There isn’t as much magic as you would think in how Accord executes
transactions when operating with exclusive access to a table. Accord is
able to mostly execute ReadCommands unmodified with some
accommodations for the fact that reads are strongly consistent from a
single replica so filtering can be pushed down. The majority of the work
is just making the description of things like CAS serializable so it can
be persisted by Accord for transaction recovery.
Where things get complicated is live migrating to Accord and supporting interoperability with non-Accord reads and writes.
Live migration
Core challenges
Accord and Paxos operate fundamentally different in terms of what they perform consensus on and how the transactions are recovered. Paxos performs consensus on the exact set of writes to apply and recovering a transaction only requires the writes to be applied. Accord consensus is on the transaction definition, a superset of the dependencies, and the execution timestamp of the transaction.
Accord needs to recompute the writes during transaction recovery which
means it may need to repeat any reads necessary to compute those writes
which means Accord needs reads to be repeatable during transaction
execution and recovery. Non-Accord writes cause non-determinism for
Accord reads. Accord also reads at ONE so it would miss QUORUM
writes.
The big hammer we use to deal with this is to avoid ever requiring
Accord to read data that is not replicated at ALL. If we did it would
lead to non-deterministic transaction recovery. This isn’t something
that can be addressed by having Accord read at QUORUM and then
performing blocking read repair because different Accord coordinators
can still witness different sets of non-Accord writes.
Accord also defaults to asynchronous commit so when migrating away from Accord it’s not safe for Paxos and non-SERIAL reads to read committed Accord writes
Bridging the gap
Cassandra needs to be highly available while transitioning, but
operations that propagate data at ALL like Cassandra’s Data Repair
+ Paxos Repair, or Accord’s repair syncs are not highly available.
Going forward these will be referred to as range barriers.
At every point during migration there has to be some system safely
capable of executing every operation type. Highly available key barriers
solve this problem by allowing the migration of a single key at QUORUM
to meet the requirements for execution on the migration target system.

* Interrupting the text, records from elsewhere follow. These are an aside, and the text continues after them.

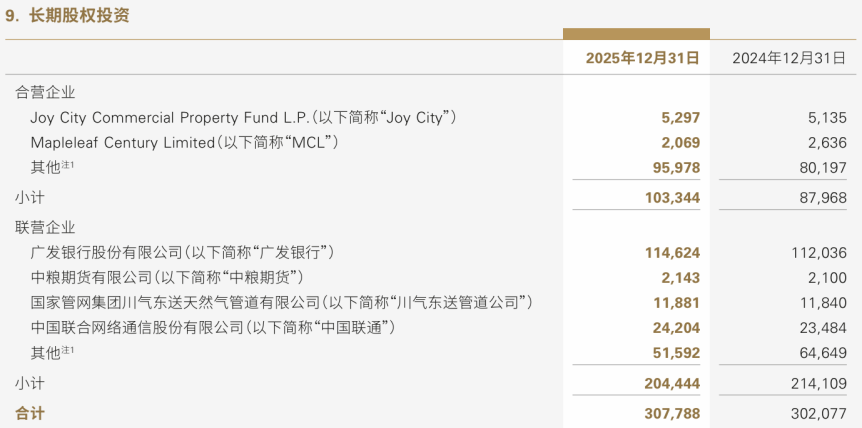 这一结构也暴露了一个潜在风险:如果剔除广发银行的收益贡献,长期股权投资的其他项目能否支撑起这一板块的价值?中国联通、川气东送管道等项目的收益贡献相对有限,而部分不动产相关投资可能还面临减值压力。
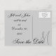 Modern, simple, black, grey and white Save the Date Postcard design by Elke Clarke ©2008. Wedding Announcement Customisable with your Date, First Names and Initial. Also choose your colours to match your wedding colour scheme.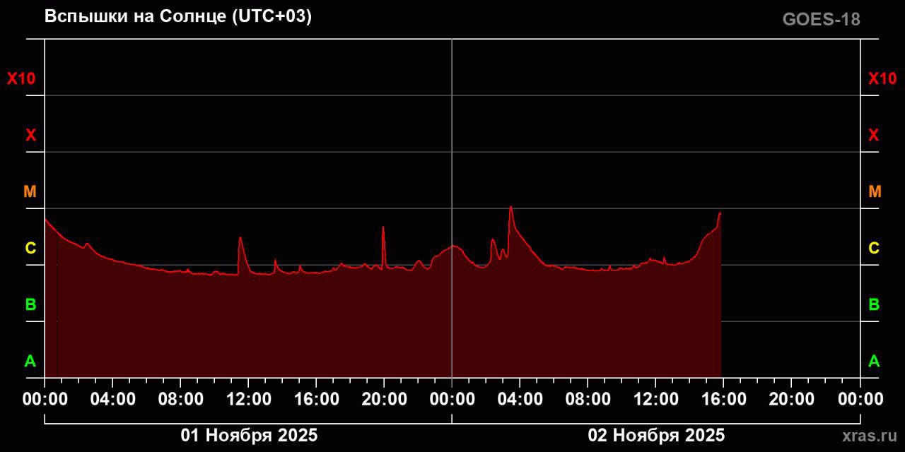 Как сообщает 2 ноября лаборатория солнечной астрономии ИКИ РАН, на Солнце после двухнедельного перерыва возобновились сильные вспышки. Это предвестники длительного всплеска солнечной активности, пик которого придется на следующую неделю с 3 по 9 ноября.

A key barrier on Paxos uses the existing Paxos repair mechanism to apply
any partially committed transactions at QUORUM which can then be
safely read by Accord if Accord read’s at QUORUM. A key barrier on
Accord uses Accord’s sync mechanism to wait until all transactions in an
epoch that could have modified the key are applied at QUORUM.
There is a system table and small in memory cache for key barriers to avoid repeatedly performing key migrations, but the key migration is only recorded if the coordinator is a replica to avoid the cache growing too large.

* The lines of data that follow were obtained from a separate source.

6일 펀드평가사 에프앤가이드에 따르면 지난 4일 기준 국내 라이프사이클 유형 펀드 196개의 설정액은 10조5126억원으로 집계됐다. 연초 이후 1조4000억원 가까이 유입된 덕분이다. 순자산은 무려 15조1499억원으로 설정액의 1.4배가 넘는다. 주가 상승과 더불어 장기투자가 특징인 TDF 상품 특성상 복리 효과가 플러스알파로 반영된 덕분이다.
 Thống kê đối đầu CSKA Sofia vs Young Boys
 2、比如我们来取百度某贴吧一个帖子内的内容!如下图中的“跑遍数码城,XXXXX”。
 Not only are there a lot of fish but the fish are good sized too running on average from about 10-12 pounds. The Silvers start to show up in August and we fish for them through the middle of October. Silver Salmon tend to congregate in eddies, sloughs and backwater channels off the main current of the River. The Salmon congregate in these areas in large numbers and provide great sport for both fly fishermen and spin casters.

No non-SERIAL key migration
One wrinkle is that it is not possible to do key migration for non-SERIAL Cassandra writes because there is no metadata to check for uncommitted operations like there is with Paxos and Accord. Non-SERIAL writes include all sources of non-SERIAL writes such as read repair, logged batches, and hints. Accord doesn’t have this issue as any data managed by Accord always has metadata available since all operations are routed through Accord.

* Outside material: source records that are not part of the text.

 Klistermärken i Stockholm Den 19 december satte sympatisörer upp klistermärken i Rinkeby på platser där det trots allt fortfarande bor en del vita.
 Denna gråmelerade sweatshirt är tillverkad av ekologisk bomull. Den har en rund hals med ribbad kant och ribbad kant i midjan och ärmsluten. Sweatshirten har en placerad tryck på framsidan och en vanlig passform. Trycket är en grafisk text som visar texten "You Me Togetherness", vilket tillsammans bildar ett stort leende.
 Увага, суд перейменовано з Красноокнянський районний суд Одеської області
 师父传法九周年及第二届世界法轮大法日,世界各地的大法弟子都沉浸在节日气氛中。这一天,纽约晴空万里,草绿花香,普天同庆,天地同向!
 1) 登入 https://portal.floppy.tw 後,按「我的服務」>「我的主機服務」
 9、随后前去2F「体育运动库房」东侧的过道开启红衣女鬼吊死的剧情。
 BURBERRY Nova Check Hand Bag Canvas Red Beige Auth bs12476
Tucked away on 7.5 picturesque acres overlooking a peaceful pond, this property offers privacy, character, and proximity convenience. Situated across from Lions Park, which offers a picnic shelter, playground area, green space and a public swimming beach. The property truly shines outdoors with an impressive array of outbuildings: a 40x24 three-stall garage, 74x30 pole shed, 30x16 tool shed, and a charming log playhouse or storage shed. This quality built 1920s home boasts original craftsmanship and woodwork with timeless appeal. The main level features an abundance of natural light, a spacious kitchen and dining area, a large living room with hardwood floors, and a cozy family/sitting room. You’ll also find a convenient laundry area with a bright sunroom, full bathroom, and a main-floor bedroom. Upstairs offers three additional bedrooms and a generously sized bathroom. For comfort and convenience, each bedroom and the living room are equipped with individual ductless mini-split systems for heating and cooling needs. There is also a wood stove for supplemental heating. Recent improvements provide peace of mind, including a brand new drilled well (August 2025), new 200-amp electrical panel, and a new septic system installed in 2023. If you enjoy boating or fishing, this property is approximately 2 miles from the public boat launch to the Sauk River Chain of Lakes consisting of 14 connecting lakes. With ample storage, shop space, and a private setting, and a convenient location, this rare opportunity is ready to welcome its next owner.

Splitting migration to Accord into two phases solves this issue because while Accord is unable to safely read non-SERIAL writes it can safely apply non-SERIAL writes as recovery of blind write transactions is still deterministic in Accord. In the first phase of migration to Accord all non-SERIAL writes are executed on Accord and synchronously applied at the requested consistency level while a data repair (full or incremental) runs and makes it safe for Accord to read non-SERIAL writes. Paxos continues to execute all SERIAL writes because Accord is unable to execute SERIAL writes since it can’t read yet.
After a data repair completes the second phase of migration to Accord
begins and all operations are executed on Accord after Paxos key
migration is run to ensure that the key being read by Accord has no
unapplied Paxos transactions. After a Paxos repair + data repair
(full only) the remaining Paxos writes will be visible at ALL and
Accord can begin executing reads at ONE instead of the requested
consistency level and performing asynchronous commit and ignore the
requested commit/write consistency level.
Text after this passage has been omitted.